» RECORDS FOR THE TASK:
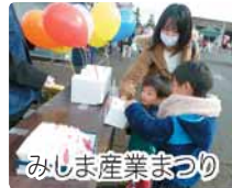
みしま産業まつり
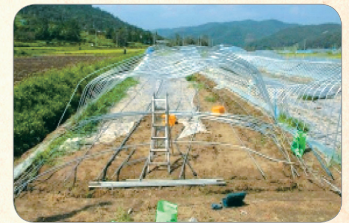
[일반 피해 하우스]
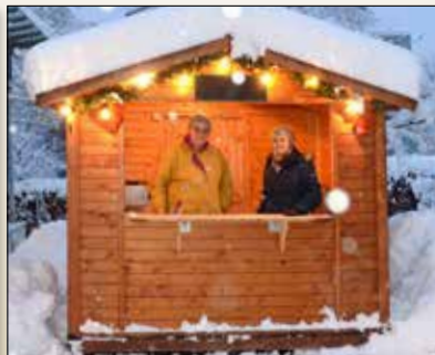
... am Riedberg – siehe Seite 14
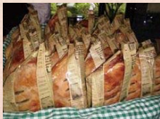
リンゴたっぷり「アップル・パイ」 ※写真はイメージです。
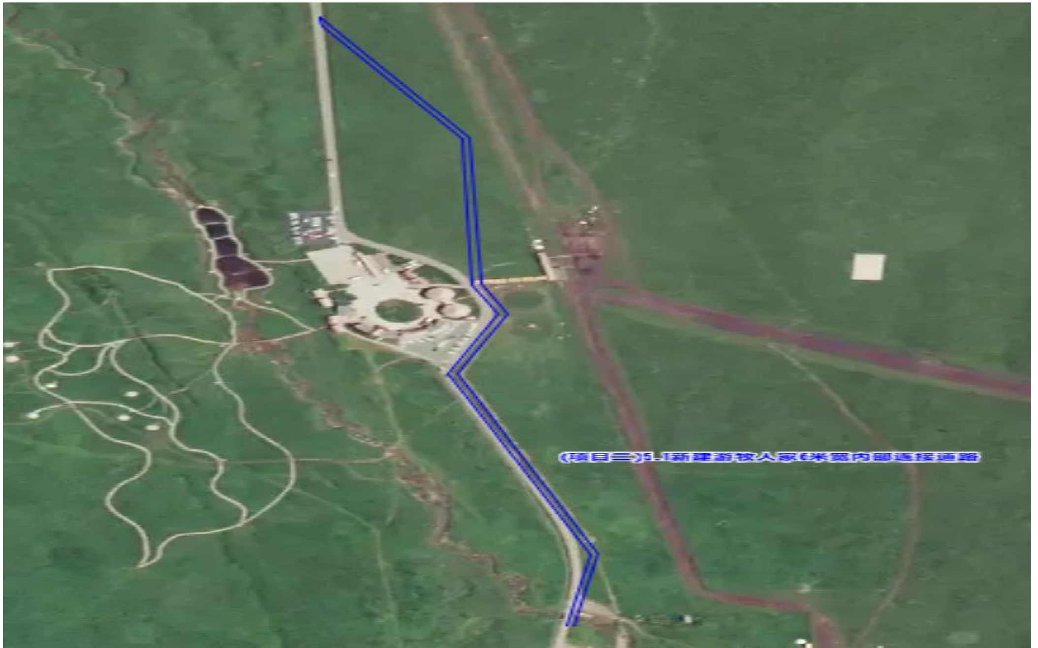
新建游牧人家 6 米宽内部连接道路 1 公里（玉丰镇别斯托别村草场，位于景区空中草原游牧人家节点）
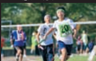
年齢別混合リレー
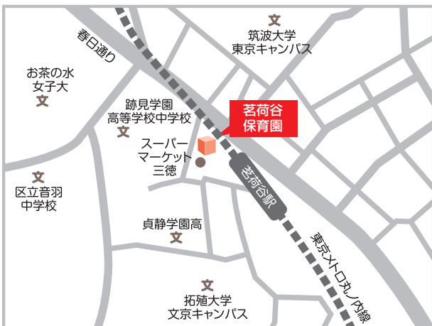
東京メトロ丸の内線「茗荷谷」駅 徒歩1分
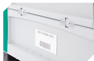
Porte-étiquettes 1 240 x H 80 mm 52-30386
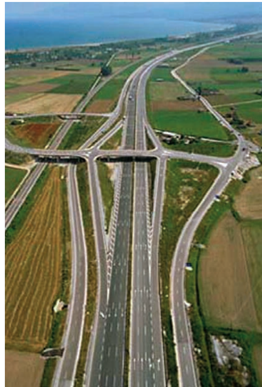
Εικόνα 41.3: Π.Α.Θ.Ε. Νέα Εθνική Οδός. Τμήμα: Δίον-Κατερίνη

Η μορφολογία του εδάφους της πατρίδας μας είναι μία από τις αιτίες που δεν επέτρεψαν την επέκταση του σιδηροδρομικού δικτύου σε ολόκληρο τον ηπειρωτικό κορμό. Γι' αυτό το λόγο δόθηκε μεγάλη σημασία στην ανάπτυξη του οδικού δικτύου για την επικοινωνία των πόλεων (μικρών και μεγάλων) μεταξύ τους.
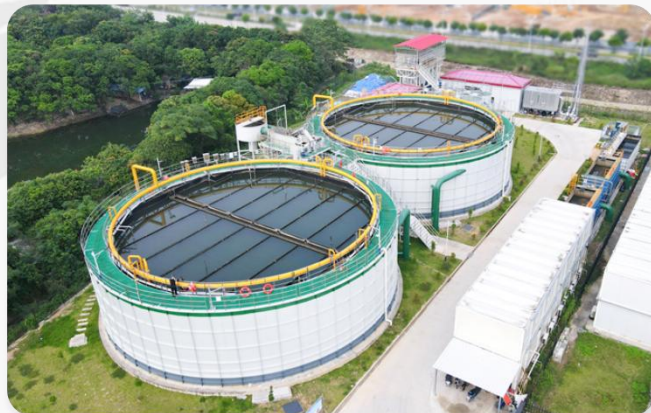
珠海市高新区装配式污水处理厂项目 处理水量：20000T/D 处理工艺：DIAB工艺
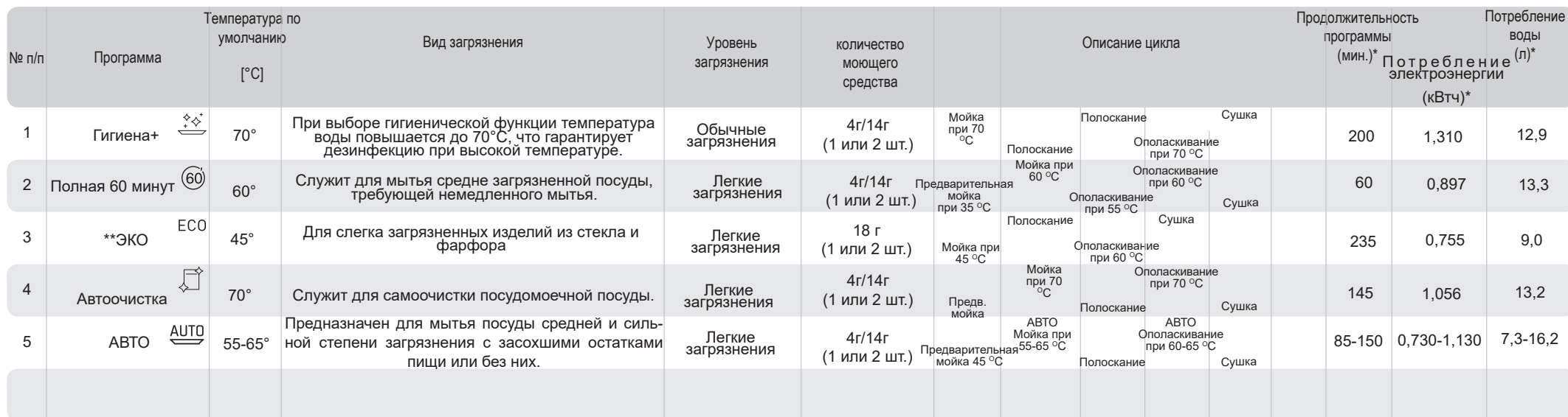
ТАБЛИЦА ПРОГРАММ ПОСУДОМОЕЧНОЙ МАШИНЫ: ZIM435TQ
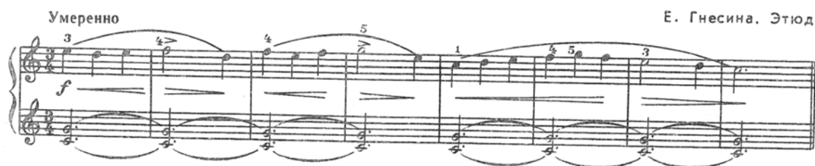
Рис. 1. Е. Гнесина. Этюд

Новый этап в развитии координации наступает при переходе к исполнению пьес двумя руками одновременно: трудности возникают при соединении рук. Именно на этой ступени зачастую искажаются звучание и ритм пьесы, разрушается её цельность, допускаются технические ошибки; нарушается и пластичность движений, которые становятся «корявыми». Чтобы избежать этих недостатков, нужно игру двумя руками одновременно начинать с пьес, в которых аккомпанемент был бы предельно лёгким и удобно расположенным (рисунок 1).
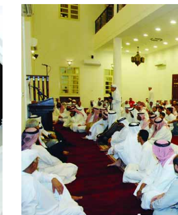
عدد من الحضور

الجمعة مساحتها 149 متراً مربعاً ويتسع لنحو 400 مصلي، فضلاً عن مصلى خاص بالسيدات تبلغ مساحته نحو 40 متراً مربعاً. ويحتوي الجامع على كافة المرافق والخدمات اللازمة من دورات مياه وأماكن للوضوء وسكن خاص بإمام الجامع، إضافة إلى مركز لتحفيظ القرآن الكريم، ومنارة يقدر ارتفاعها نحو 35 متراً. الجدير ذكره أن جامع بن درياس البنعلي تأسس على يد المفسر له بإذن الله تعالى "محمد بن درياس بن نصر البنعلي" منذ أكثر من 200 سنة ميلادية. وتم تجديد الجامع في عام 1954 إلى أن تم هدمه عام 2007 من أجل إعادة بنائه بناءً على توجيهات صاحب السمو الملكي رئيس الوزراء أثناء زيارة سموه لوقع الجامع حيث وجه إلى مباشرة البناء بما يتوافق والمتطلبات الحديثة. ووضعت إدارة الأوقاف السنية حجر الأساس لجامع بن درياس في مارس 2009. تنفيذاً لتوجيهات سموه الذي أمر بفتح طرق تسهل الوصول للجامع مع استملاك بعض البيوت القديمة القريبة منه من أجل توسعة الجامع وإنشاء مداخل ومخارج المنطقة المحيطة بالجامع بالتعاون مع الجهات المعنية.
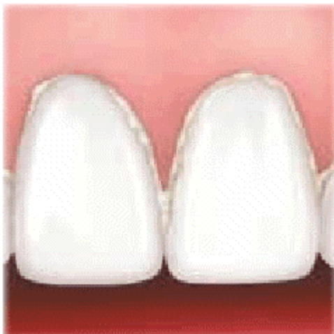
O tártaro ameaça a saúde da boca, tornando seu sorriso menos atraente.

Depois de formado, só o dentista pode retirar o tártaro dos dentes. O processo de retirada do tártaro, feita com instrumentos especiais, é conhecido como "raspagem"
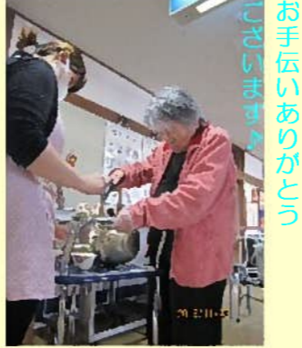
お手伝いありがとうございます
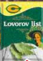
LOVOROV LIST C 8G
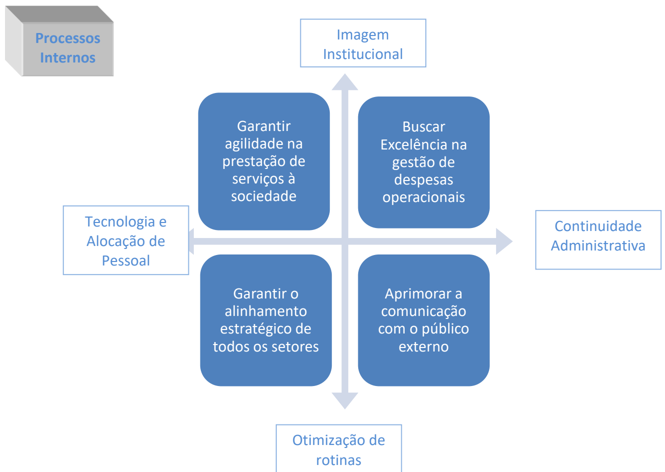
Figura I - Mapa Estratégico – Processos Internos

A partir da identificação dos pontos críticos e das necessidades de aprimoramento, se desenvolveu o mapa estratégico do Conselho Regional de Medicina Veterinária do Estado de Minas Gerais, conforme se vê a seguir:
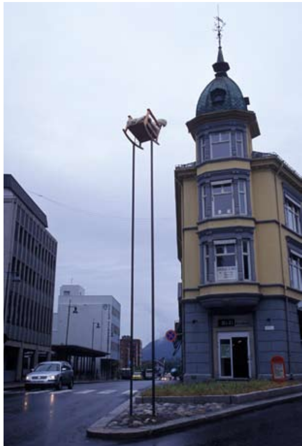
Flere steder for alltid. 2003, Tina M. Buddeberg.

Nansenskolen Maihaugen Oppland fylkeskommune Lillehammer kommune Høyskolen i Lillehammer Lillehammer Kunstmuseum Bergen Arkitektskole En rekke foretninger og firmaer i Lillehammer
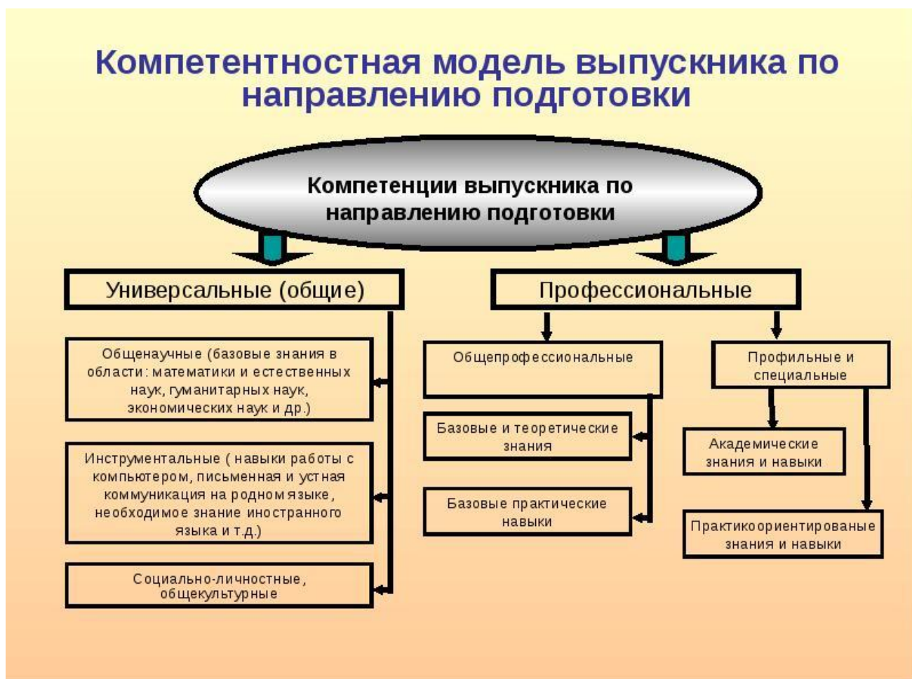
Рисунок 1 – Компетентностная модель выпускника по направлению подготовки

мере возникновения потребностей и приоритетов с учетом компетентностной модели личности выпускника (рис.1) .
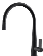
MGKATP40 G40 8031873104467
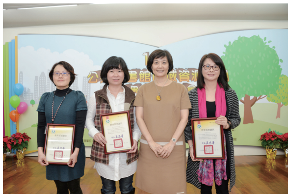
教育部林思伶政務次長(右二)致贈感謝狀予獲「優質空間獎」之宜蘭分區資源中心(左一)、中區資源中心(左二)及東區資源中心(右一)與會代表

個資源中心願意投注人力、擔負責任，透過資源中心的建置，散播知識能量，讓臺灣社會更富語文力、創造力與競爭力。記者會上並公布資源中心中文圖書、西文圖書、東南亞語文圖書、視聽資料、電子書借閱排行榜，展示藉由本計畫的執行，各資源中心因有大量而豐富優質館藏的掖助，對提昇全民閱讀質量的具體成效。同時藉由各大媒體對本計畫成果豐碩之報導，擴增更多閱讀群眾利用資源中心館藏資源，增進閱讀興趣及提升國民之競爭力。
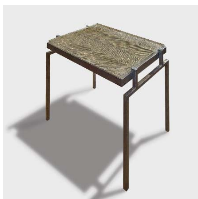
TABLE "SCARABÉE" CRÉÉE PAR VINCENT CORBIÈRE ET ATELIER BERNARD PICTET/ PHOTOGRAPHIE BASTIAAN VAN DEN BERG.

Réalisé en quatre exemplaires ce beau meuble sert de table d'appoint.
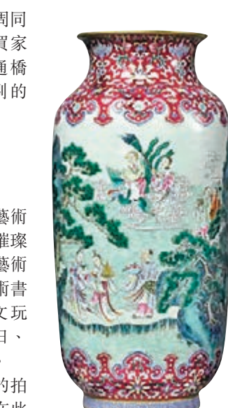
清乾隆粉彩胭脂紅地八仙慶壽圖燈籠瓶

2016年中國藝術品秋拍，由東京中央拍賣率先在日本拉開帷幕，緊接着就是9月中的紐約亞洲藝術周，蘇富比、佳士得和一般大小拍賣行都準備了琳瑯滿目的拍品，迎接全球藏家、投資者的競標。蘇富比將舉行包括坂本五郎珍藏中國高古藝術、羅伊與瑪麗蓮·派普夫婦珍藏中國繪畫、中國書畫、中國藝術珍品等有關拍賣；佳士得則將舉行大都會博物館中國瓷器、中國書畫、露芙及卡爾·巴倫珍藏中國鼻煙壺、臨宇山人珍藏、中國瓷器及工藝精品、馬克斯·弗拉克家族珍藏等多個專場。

» BRIEF: The answer is the lines of the material above, from the one containing "Εικόνα 41.3: Π.Α.Θ.Ε." down to the one containing "Figura I - Mapa", given exactly and without images.

» FINISHED TASK:
Εικόνα 41.3: Π.Α.Θ.Ε. Νέα Εθνική Οδός. Τμήμα: Δίον-Κατερίνη

Η μορφολογία του εδάφους της πατρίδας μας είναι μία από τις αιτίες που δεν επέτρεψαν την επέκταση του σιδηροδρομικού δικτύου σε ολόκληρο τον ηπειρωτικό κορμό. Γι' αυτό το λόγο δόθηκε μεγάλη σημασία στην ανάπτυξη του οδικού δικτύου για την επικοινωνία των πόλεων (μικρών και μεγάλων) μεταξύ τους.
珠海市高新区装配式污水处理厂项目 处理水量：20000T/D 处理工艺：DIAB工艺
ТАБЛИЦА ПРОГРАММ ПОСУДОМОЕЧНОЙ МАШИНЫ: ZIM435TQ
Рис. 1. Е. Гнесина. Этюд

Новый этап в развитии координации наступает при переходе к исполнению пьес двумя руками одновременно: трудности возникают при соединении рук. Именно на этой ступени зачастую искажаются звучание и ритм пьесы, разрушается её цельность, допускаются технические ошибки; нарушается и пластичность движений, которые становятся «корявыми». Чтобы избежать этих недостатков, нужно игру двумя руками одновременно начинать с пьес, в которых аккомпанемент был бы предельно лёгким и удобно расположенным (рисунок 1).
عدد من الحضور

الجمعة مساحتها 149 متراً مربعاً ويتسع لنحو 400 مصلي، فضلاً عن مصلى خاص بالسيدات تبلغ مساحته نحو 40 متراً مربعاً. ويحتوي الجامع على كافة المرافق والخدمات اللازمة من دورات مياه وأماكن للوضوء وسكن خاص بإمام الجامع، إضافة إلى مركز لتحفيظ القرآن الكريم، ومنارة يقدر ارتفاعها نحو 35 متراً. الجدير ذكره أن جامع بن درياس البنعلي تأسس على يد المفسر له بإذن الله تعالى "محمد بن درياس بن نصر البنعلي" منذ أكثر من 200 سنة ميلادية. وتم تجديد الجامع في عام 1954 إلى أن تم هدمه عام 2007 من أجل إعادة بنائه بناءً على توجيهات صاحب السمو الملكي رئيس الوزراء أثناء زيارة سموه لوقع الجامع حيث وجه إلى مباشرة البناء بما يتوافق والمتطلبات الحديثة. ووضعت إدارة الأوقاف السنية حجر الأساس لجامع بن درياس في مارس 2009. تنفيذاً لتوجيهات سموه الذي أمر بفتح طرق تسهل الوصول للجامع مع استملاك بعض البيوت القديمة القريبة منه من أجل توسعة الجامع وإنشاء مداخل ومخارج المنطقة المحيطة بالجامع بالتعاون مع الجهات المعنية.
O tártaro ameaça a saúde da boca, tornando seu sorriso menos atraente.

Depois de formado, só o dentista pode retirar o tártaro dos dentes. O processo de retirada do tártaro, feita com instrumentos especiais, é conhecido como "raspagem"
お手伝いありがとうございます
LOVOROV LIST C 8G
Figura I - Mapa Estratégico – Processos Internos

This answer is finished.